I. PENDAHULUAN
1.1. Latar Belakang
Kedelai
(Glycine max (L.) Merrill) merupakan
komoditi pangan utama setelah padi dan jagung, tergolong tanaman
kacang-kacangan sebagai sumber protein, lemak, serta vitamin. Setiap 100 gram
biji kedelai rata-rata mengandung 330 kalori, 35% protein, 18% lemak, 35%
karbohidrat, 10% air, serta beberapa mineral seperti Ca, Fe, vitamin A, dan
vitamin B1 (Pato dan Yusuf, 2002). Biji kedelai, selain sebagai bahan makanan
juga merupakan bahan dasar untuk industri pangan, sedangkan batang dan daunnya
juga dapat bermanfaat sebagai pakan ternak, pupuk hijau dan akar-akar yang
tertinggal di dalam tanah maupun daun yang rontok dapat memperbaiki kesuburan
tanah (Suprapto,1995).
Kedelai
mempunyai prospek untuk dikembangkan di Riau, hal ini dapat dilihat dengan
meningkatnya produksi kedelai dari tahun ke tahun. Pada tahun 2011 produksi kedelai sebesar 7.350 ton
biji kering atau naik sebesar 36.08% dibandingkan dengan tahun sebelumnya yaitu
5.830 ton biji kering (Badan Pusat Statistik, 2012). Produksi kedelai di Riau
masih tergolong rendah disebabkan pandangan petani yang menganggap kedelai
sebagai tanaman sampingan sehingga rendahnya penerapan teknologi budidaya
kedelai dan bergesernya lahan pertanian menjadi pemukiman dan perindustrian.

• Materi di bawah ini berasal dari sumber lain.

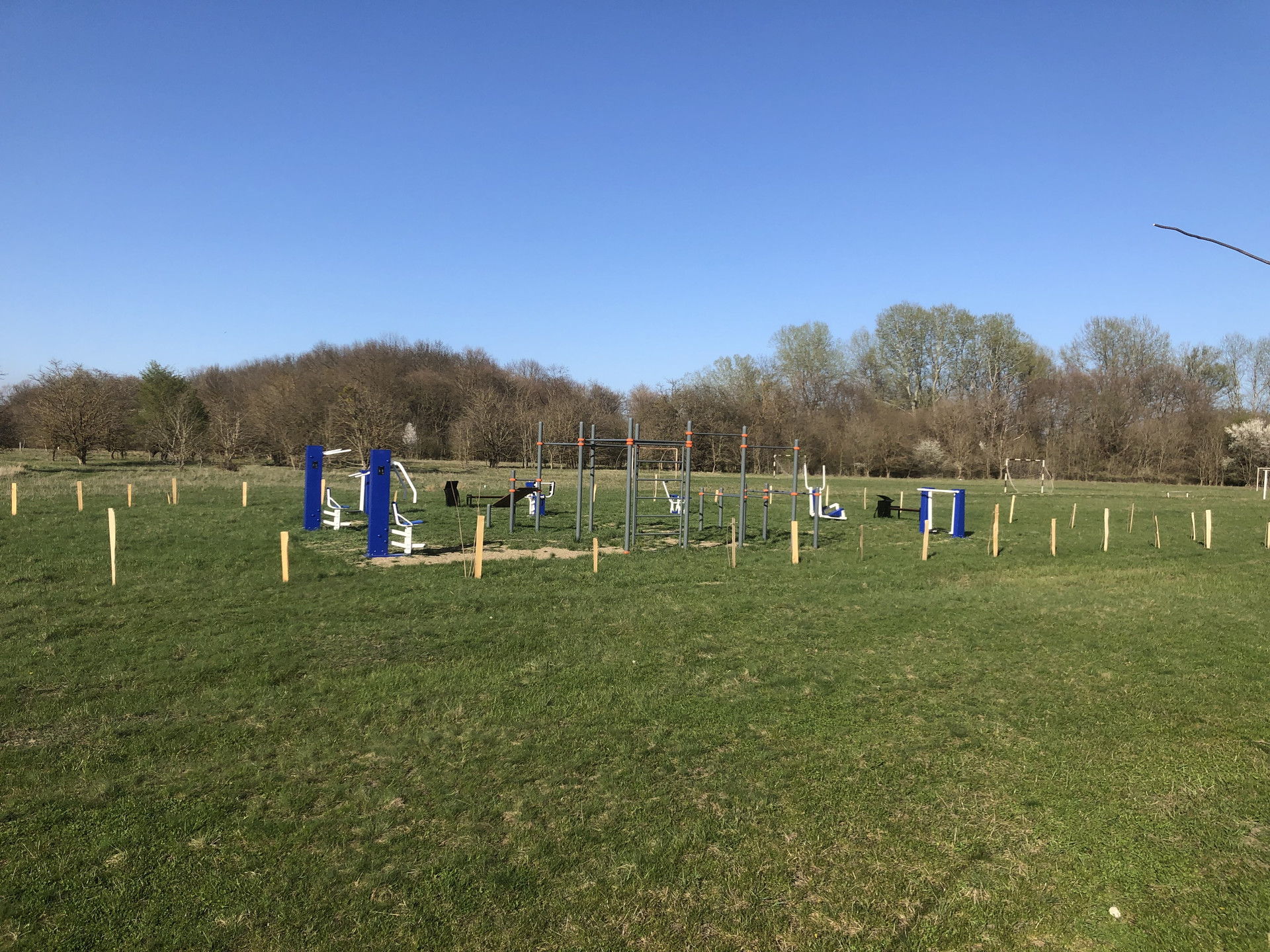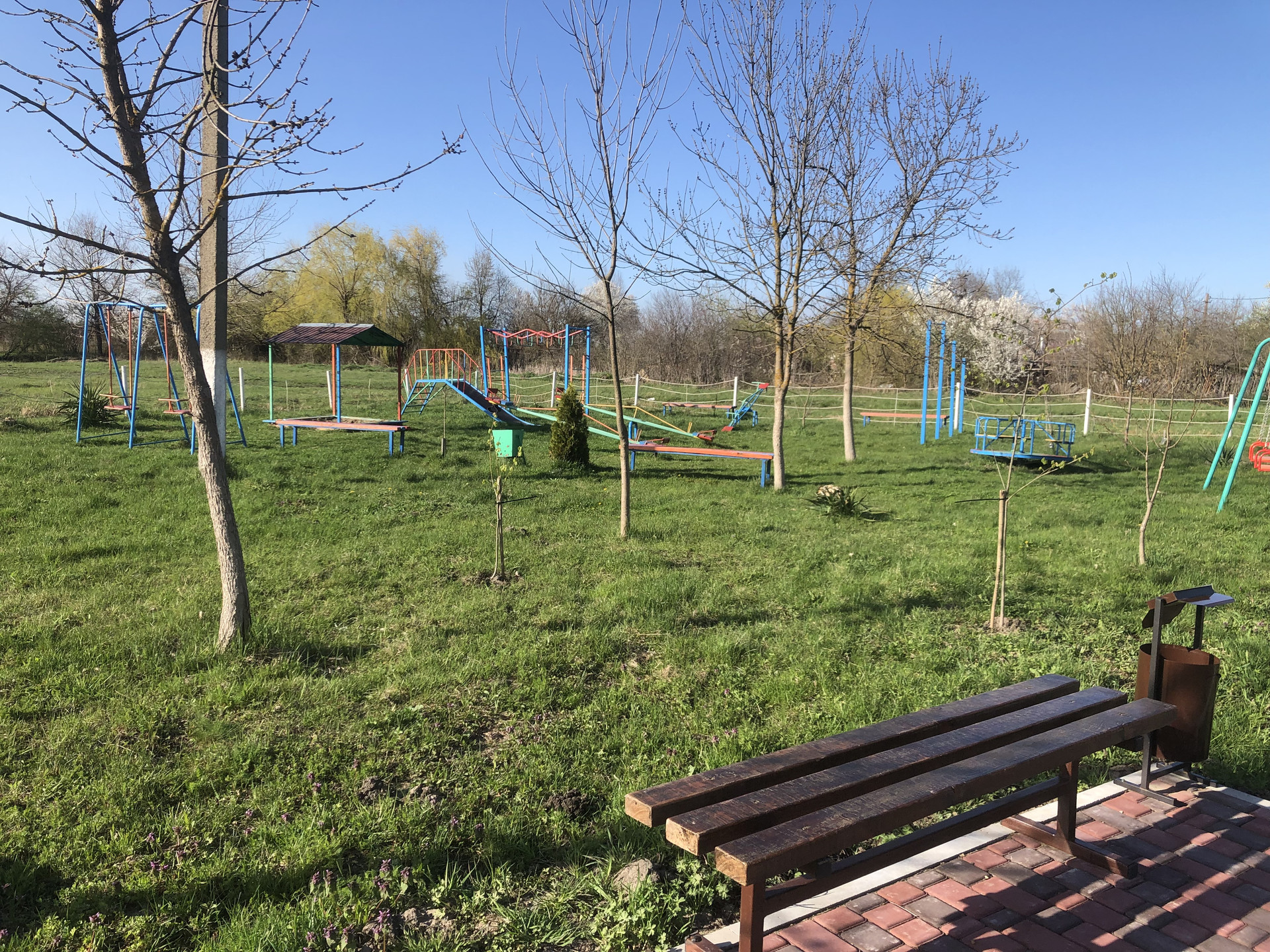 Недалеко детская площадка, площадка с тренажерами .
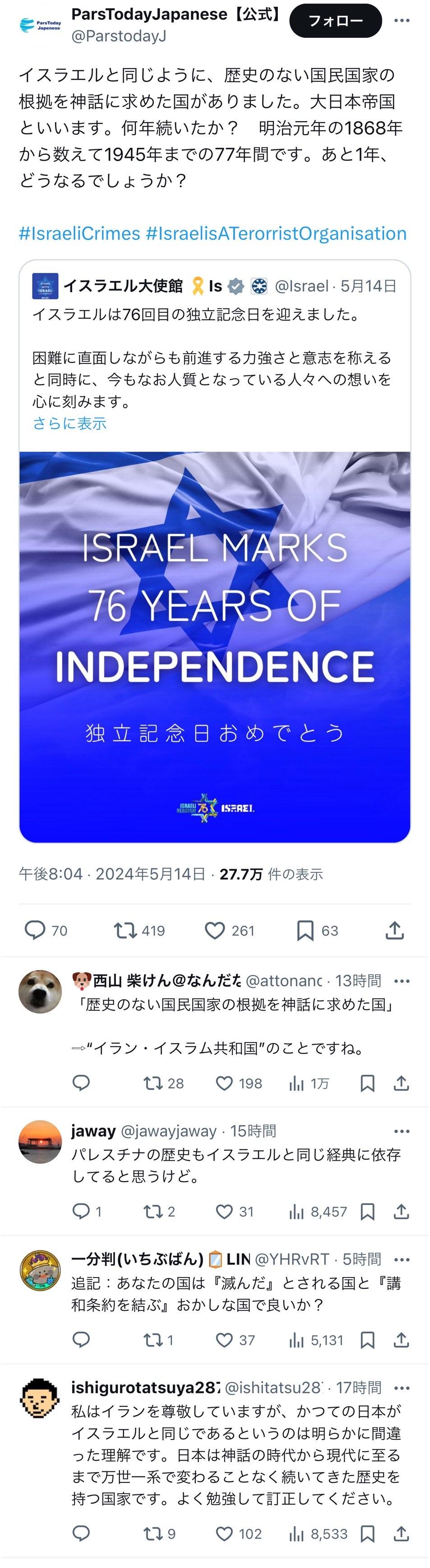 【緊急悲報】イラン、唐突に日本を煽り炎上!「日本は歴史のない国民国家なので神話に根拠を求めた」 2024/5/15 速報 1: document.write(” + ”); 関連記事 document.write(” + ”); 続きを読む ——— Source: アルファルファモザイク 【緊急悲報】イラン、唐突に日本を煽り炎上!「日本は歴史のない国民国家なので神話に根拠を求めた」
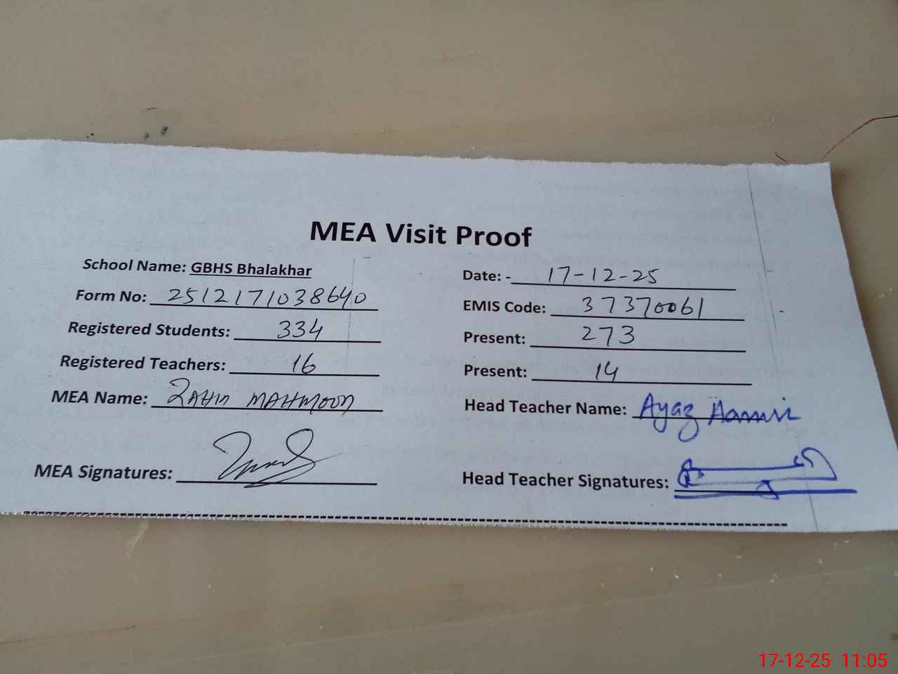 | Attendance Register | Head Teacher | MEA with School | Visit Proof |

Berdasarkan data di atas maka produksi kedelai perlu ditingkatkan untuk
memenuhi kebutuhan masyarakat.
Semakin sempitnya lahan pertanaman yang
ideal bagi pertumbuhan tanaman, menjadi kendala tersendiri. Hal tersebut
terjadi karena banyaknya lahan pertanian yang dijadikan areal pemukiman,
sehingga lahan yang tersedia adalah lahan marginal, salah satunya adalah lahan
gambut (Gemayel, 2008).
Nerty et al. (2008) menyebutkan
bahwa salah satu cara untuk memperbaiki kesuburan tanah dan meningkatkan
produktivitas lahan adalah dengan melakukan pemupukan. Untuk mendapatkan
efisiensi pemupukan yang optimal, pupuk harus diberikan dalam jumlah yang
mencukupi kebutuhan tanaman dan sesuai dengan jenis tanah. Kalium merupakan salah
satu unsur hara makro yang menentukan hasil dan kualitas hasil tanaman kedelai.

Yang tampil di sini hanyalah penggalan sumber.